Ów czerwcowy czwartek

Nie zwykliśmy zamieszczać w naszym piśmie rocznicowych artykułów. Zbyt bowiem wiele jest w polskiej historii bolesnych dat i miesięcy. Tej rocznicy jednak nie sposób pominąć. Raz dlatego, ze dotyczy ona w sposób szczególny naszego rodzinnego miasta, dwa, że bardzo dużo wokół wydarzeń, które dziś po 33 latach wspominamy narosło fałszu i niedomówień.

W ów czerwcowy czwartek 1956 roku wołanie o chleb i wolność rozlegało się właśnie tu, na ulicach Poznania, dramatycznym krzykiem. Tym bardziej głośnym, że przyszło zań zapłacić jakże niejednokrotnie młodym życiem.

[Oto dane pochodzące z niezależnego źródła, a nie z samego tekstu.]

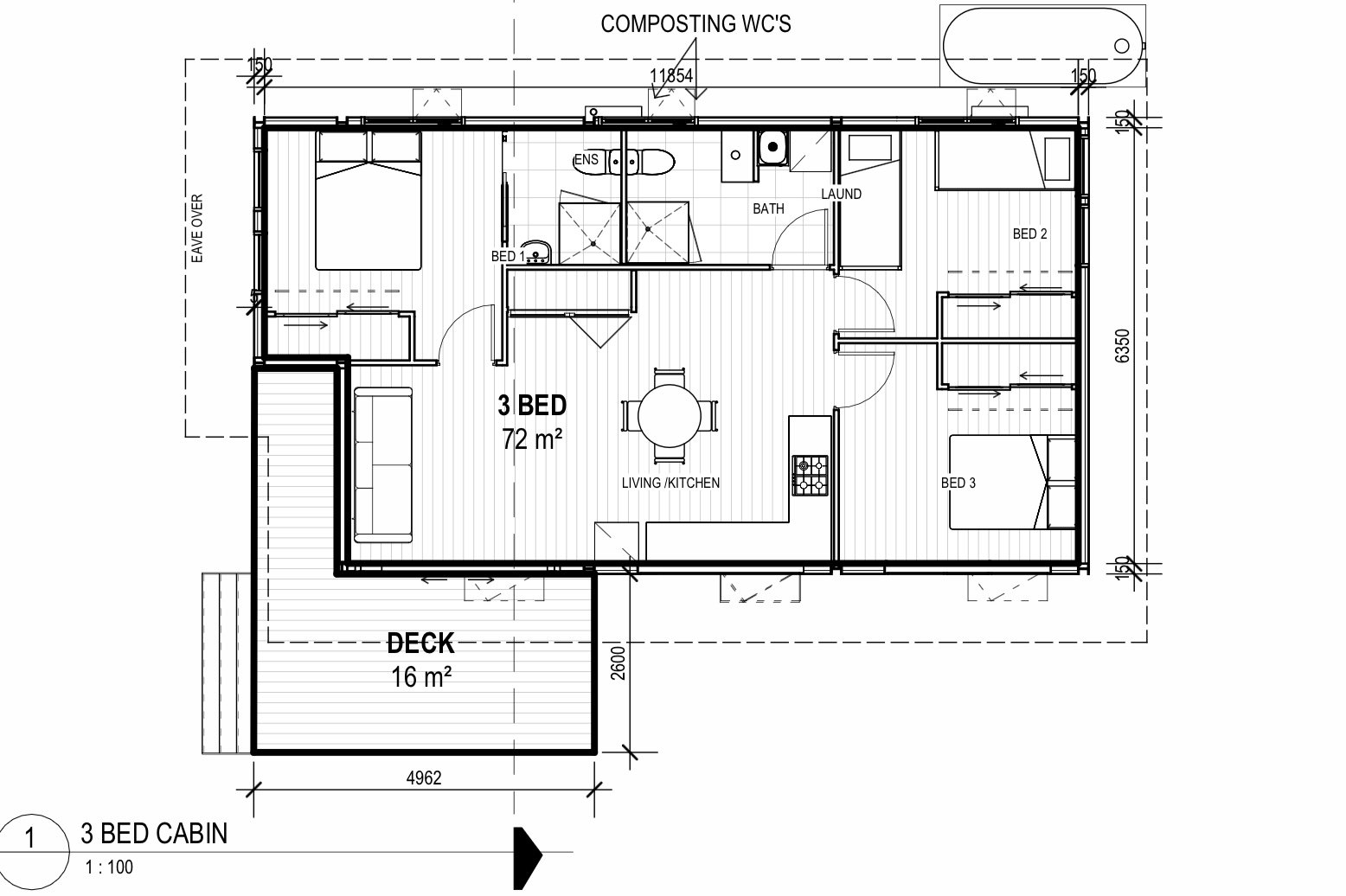 This 3 bedroom 60m² granny flat features vinyl cladding, ensuite bathroom and air conditioning.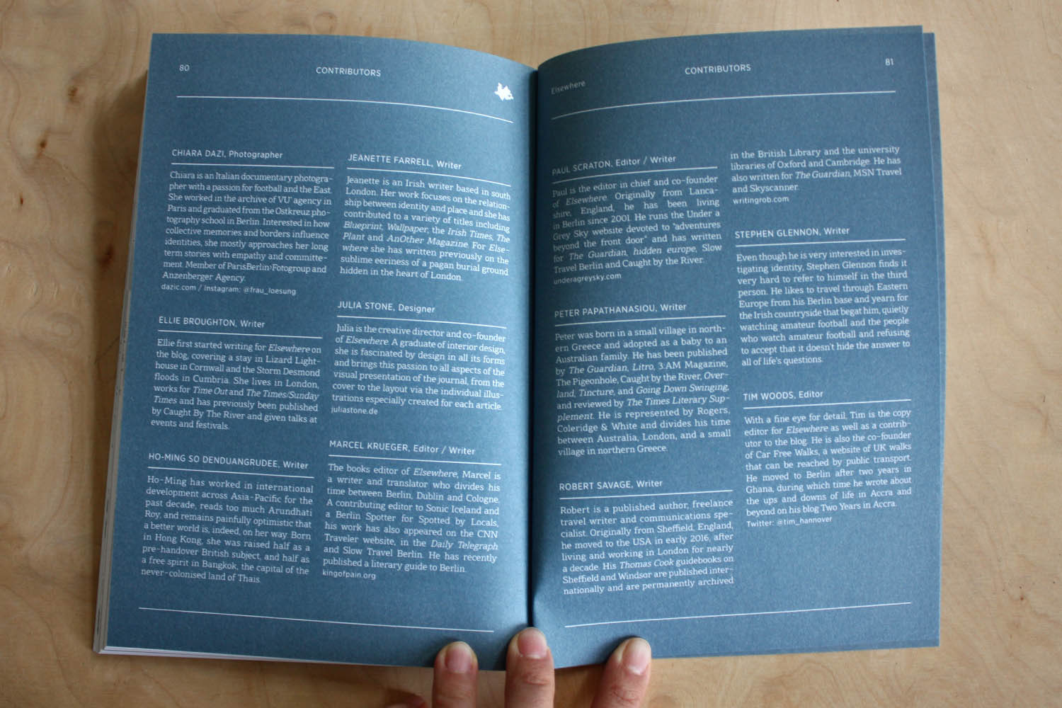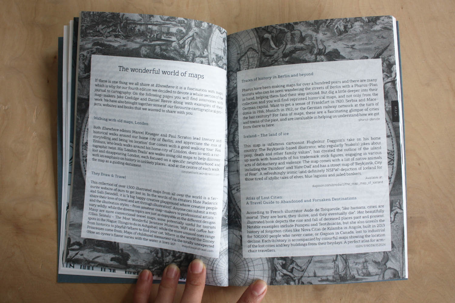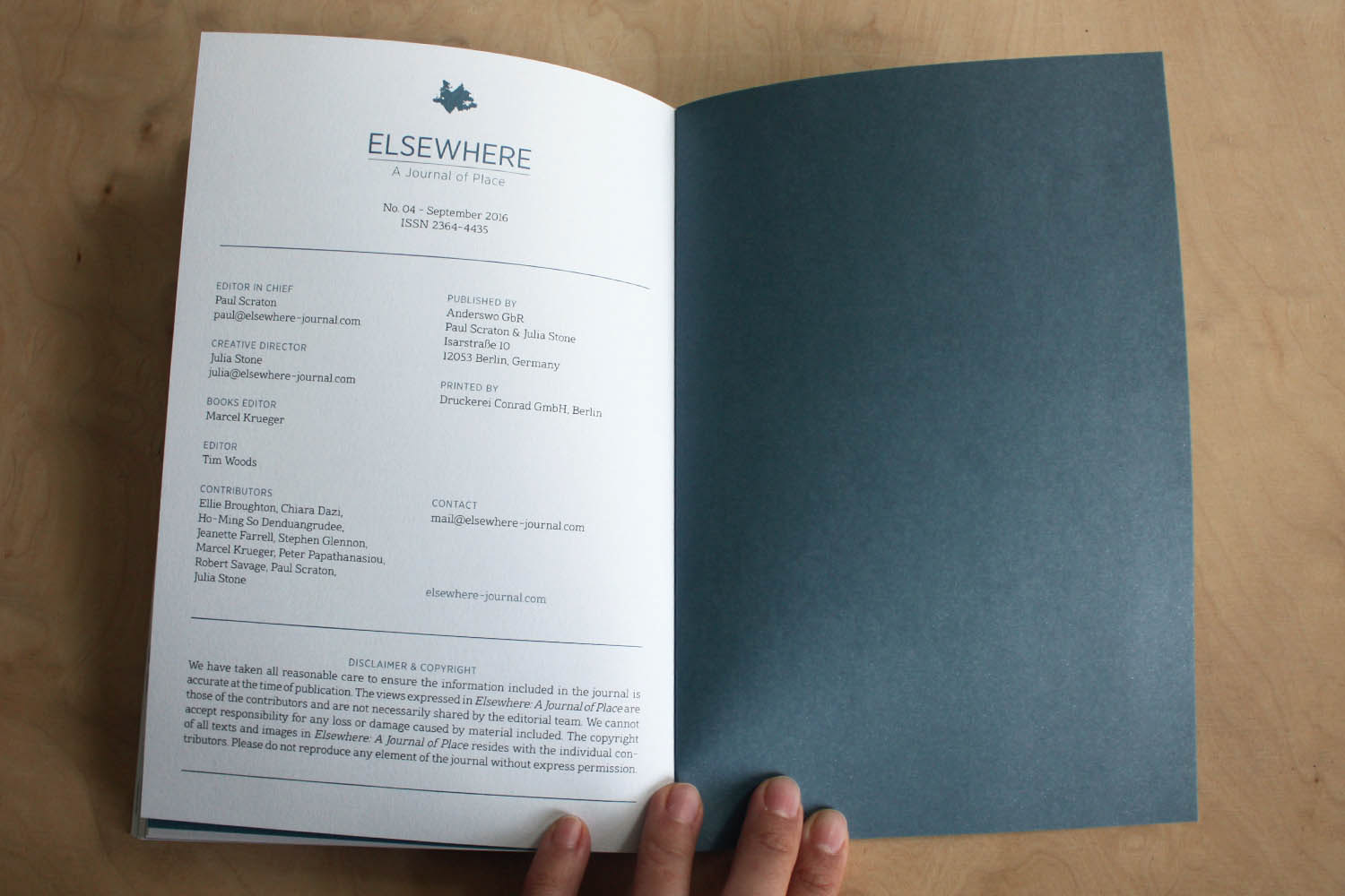 Alongside the print journal, we also maintained a website with place-related content from international contributors. After five print issues and a lot of gained experience but without financial success, Paul and I ended publishing the journal. The website, which was a large archive of interesting content by then, was kept running. Luckily and thankfully, former Elsewhere contributors Anna Evans and Marcel Krueger eventually took over and continue curating great content: elsewhere-journal.com

Nie chcemy dziś pisać o tych, którzy w tamtych dniach wiecowali, tworzyli delegaocje komitety, jeździli na rozmowy do Warszawy. Zwykle to właśnie im poświęca się najwięcej uwagi w historycznych opracowaniach. Zresztą oddajmy sprawiedliwość: chcieli dobrze, nie wiedzieli, że ta droga prowadzi donikąd.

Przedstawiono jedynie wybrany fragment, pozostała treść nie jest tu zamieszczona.